Since relative concentrations of species depend on two independent values -
initial concentration of A as well as initial concentration of B - it is not
trivial to visualize the results. For this reason we used the same concentration
for A and for B. Another possibility would be to keep the initial concentration of
one molecule constant.
As an example we show the following plot of ``t.seq``.

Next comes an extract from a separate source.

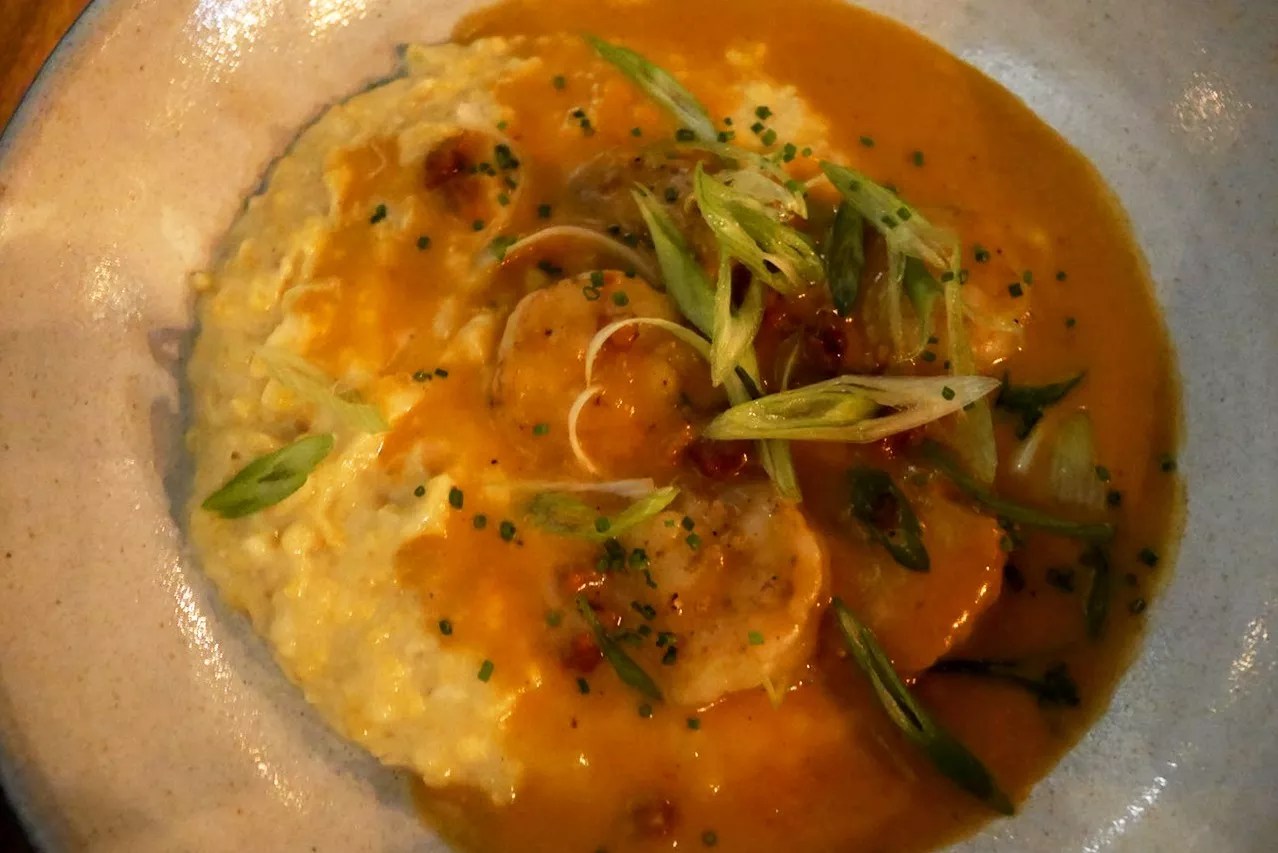 Cheesy shrimp and grits with tomato-bacon gravy.
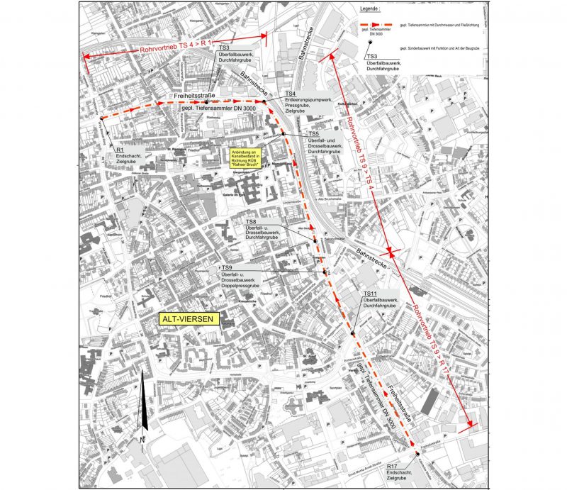Auf Grundlage des Generalentwässerungplans für die Stadt Viersen wird zum Schutz vor Überflutungen der Mischwasserkanalisation in Alt-Viersen ein Retentionsvolumen von 17.500 m³ geschaffen. Da für konventionelle Becken kein Platz vorhanden ist, wird ein Staukanal DN 3000 in ca. 10 – 12 m Tiefe vorgetrieben. Damit liegt der Kanal unterhalb des Gefährdungsbandes eventueller Kampfmittel. Der Kanal wird aus einer Startgrube aus 1.750 m in Richtungen Süden und 750 m in Richtung Westen vorgetrieben. Diese Startgrube wird anschließend zum Entleerungsschacht mit einem Pumpwerk ausgebaut. Die vorhandene Kanalisation wird über große Fallschächte an den Tiefensammler angeschlossen. Die Fallhöhe für das Abwasser beträgt bis zu 8 m. Zur Energieumwandlung werden 3-stöckige Rinnenkaskaden in den Schacht eingebaut.

Now we use some commandline tools to render our plot. We use ``tail -n +11`` to
show all lines starting with line 11 (1-10 are cut) and pipe it into an ``awk``
command, which prints every column but the first from our input.
This is then piped to ``xmgrace``.
With ``-log x -nxy -`` we tell it to plot the x axis in logarithmic scale and to
read data file in X Y1 Y2 ... format.

.. code::

  $ tail -n +11 cofold.out | awk '{print $2, $3, $4, $5, $6, $7}' | xmgrace -log x -nxy -


Concentration Dependency Plot
=============================

.. image:: ../gfx/tutorial/tconcdep.png
   :width: 66%
   :align: center

Since the two sequences are almost identical, the monomer and homo-dimer
concentrations behave very similarly. In this example, at a concentration of
about 1 mmol 50% of the molecule is still in monomer form.